Five months after Hurricane Michael I, once again, got up the nerve to go back to my beloved park. I knew it would look different, but I NEVER anticipated the destruction that had been unleashed. I was well aware of our town’s slaughtered timber, but at the sight of it, I unfailingly found myself feeling hurting — yet again. The running park had been reduced to a tree graveyard. Where hundreds of trees once stood, (still piled high along the sides of the track) a few dozen remained. I almost turned around and went home, but I stopped myself. I owed it to my park to be brave, and run around its broken track. I hit the shuffle button on my iPhone and a familiar song started to play: “The Night We Met,” by Lord Huron. I’d first heard it while watching the Netflix series Thirteen Reasons Why. It had struck a chord with me then, vastly because of its melodic nature, but mostly because of its offbeat lyrics. It spoke to me again.
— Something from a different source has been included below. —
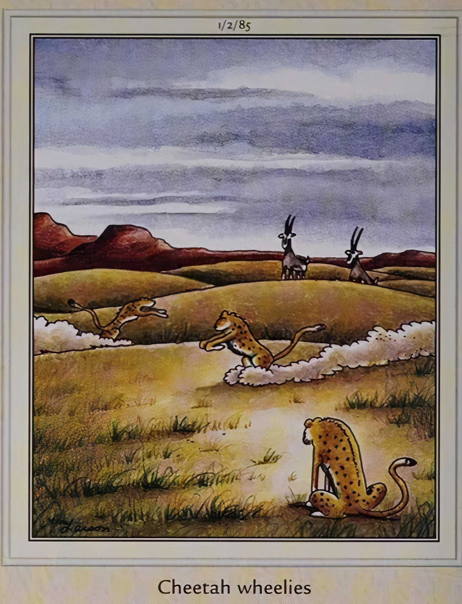 El lado lejano generalmente puede decir mucho sin decir mucho. En esta franja, Larson lleva a los lectores a una llanura donde un par de antílope están viendo una coalición de guepardos. Pero en lugar de los guepardos que intentan perseguir el antílope, todos están pasando el mejor momento de sus vidas, corriendo y estallando ‘ruedas’. La cuestión es que ninguno de ellos está montando motocicletas, por lo que sus ruedas son solo ellos corriendo sobre sus patas traseras con las delanteras en el aire.
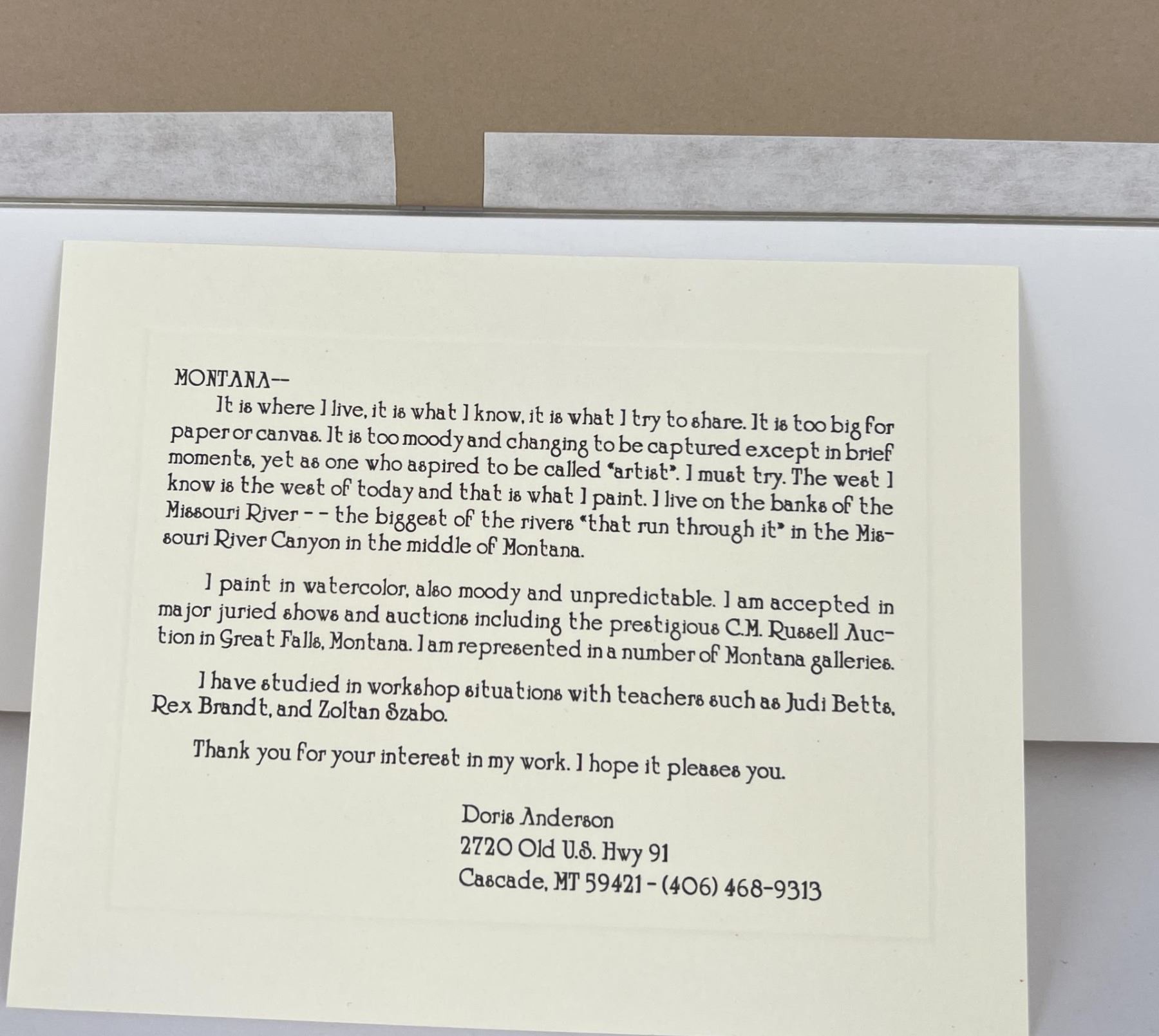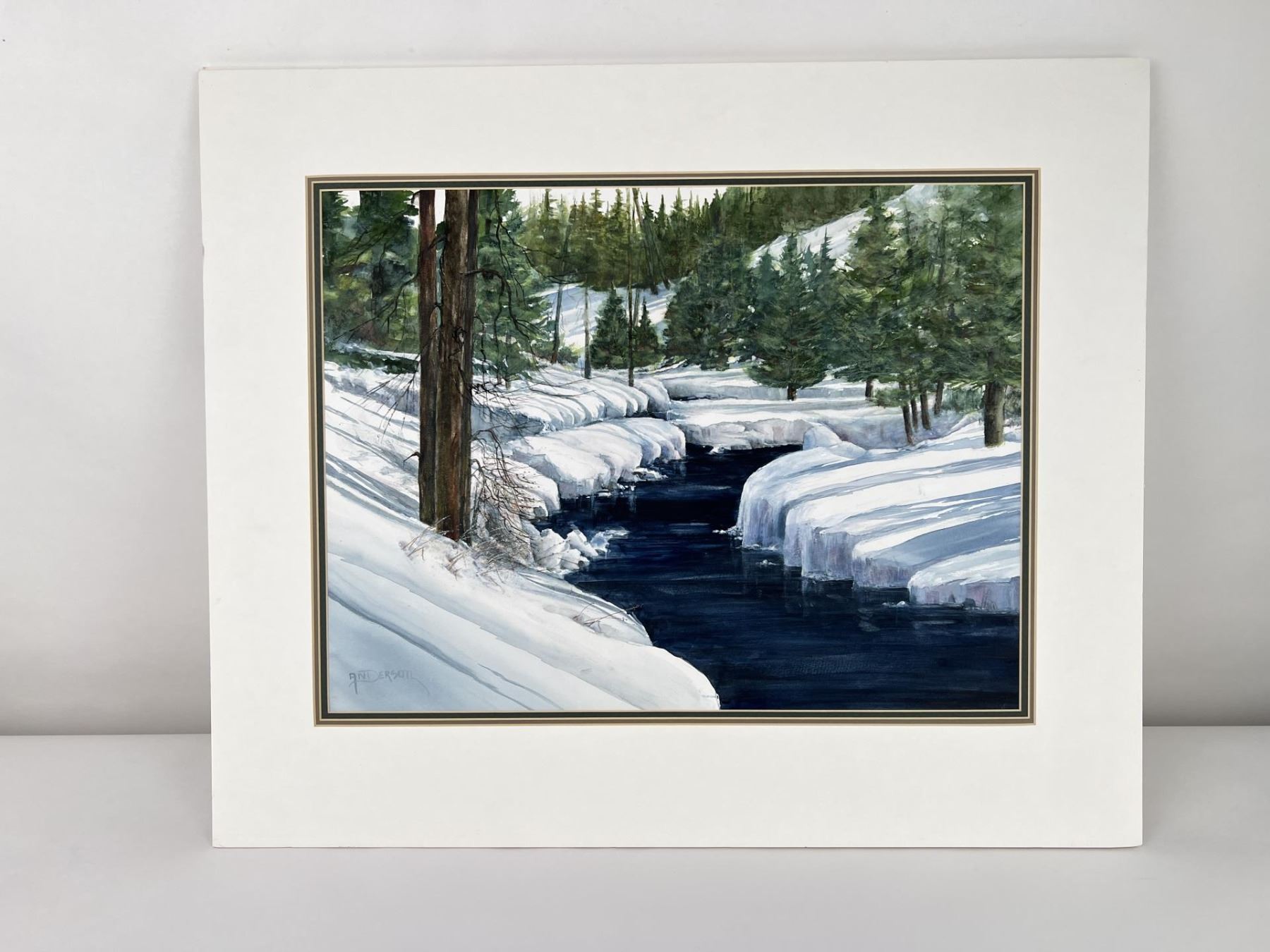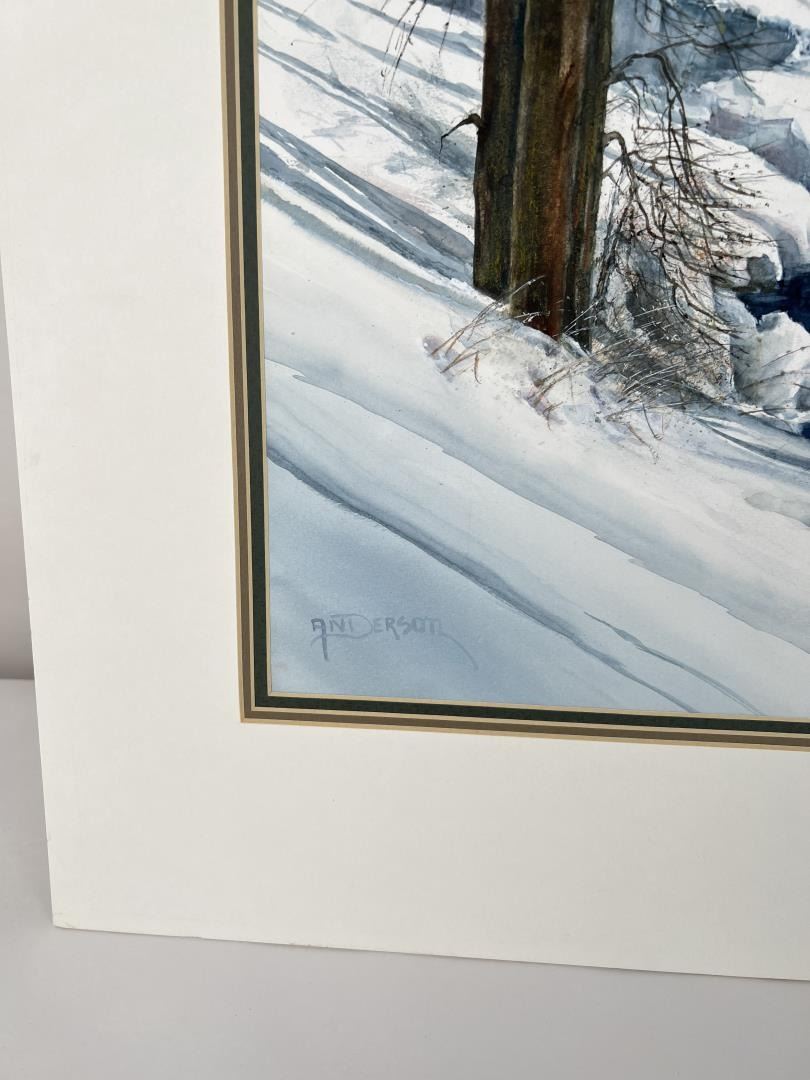 21 1/2" by 25 3/4" in matte. Doris Anderson (Born 1934) is active/lives in Montana, Idaho. Doris Anderson is known for Western landscape, marine, animal. The following is from the artist: Doris Anderson is a largely self-taught watercolourist. Born September 17, 1934 in Sandpoint, Idaho, she moved to Montana as a child. She has always been influenced by the land and even early artistic efforts were an attempt to share that love. She was married in 1955 to a wheat farmer and developed an even stronger feel for the land. During this time of raising four sons, art was in the background but never far away. She has grown through workshops with well known instructors such as Judi Betts, Rex Brandt, Zoltan Zsabo and Joe Bohler and also from fellowship with an excellent group of artists in the Great Falls area. She paints the area she knows and lives in. Her home is located on the banks of the Missouri River near Cascade, Montana. Subject material is largely landscapes but also fishermen, song birds, and a special love of white houses and red barns. The strong influence of the Lewis and Clark Expedition has made her favorite areas to paint, also of interest to historians and collectors alike. She has won numerous awards and has been an exhibitor at the C.M. Russell auction since 1984. She has been in the auction itself fourteen times and a quick draw artist four times. She has shown a number of times at the Classic-American Art show in Los Angeles. This show was held in the Beverly Hills Hilton for a number of years before moving to the Gene Autry Museum in Griffith Park.

The lyrics are as follows:

I am not the only traveler, Who has not repaid his debt

I’ve been searching for a trail to follow again, Take me back to the night we met

I had all and then most of you, Some and now none of you

Take me back to the night we met

I don’t know what I’m supposed to do, Haunted by the ghost of you

Oh, take me back to the night we met

While gaining speed, I passed larger mounds of debris filled with tree trunks and branches. Three years prior, I had run around the same track, wondering how it had remained solid when I was broken in half. Suddenly, the broken trees were like the pieces of my broken heart, scattered across the pavement — reduced to a shell of their former selves. How did this happen to our town? How did this happen to me? I was angry with the storm. I was angry with Justin’s killer — life’s not fair! While wallowing in my pity, I got a text from Don that brought me back to earth: “I love you sweet Darling.” it said. “How does he know?,” I thought, “How did I get here again?” PTSD is funny like that — the triggers can catch you off guard.

I get a lot of credit for my resilience, and my undying will to move forward. But the truth is, I owe most of it to my family and friends. If it wasn’t for their continual love and support, I might still look like the park does today — scattered pieces of something that used to be whole.

The good news is, we don’t have to stay broken. As a Bay County resident, I truly believe we can rebuild; not only our homes, but also our hearts. It’s not going to happen overnight. My transformation is still underway — it always will be. I’ll never move on from Justin, or the life I once had, but I will always continue to move forward.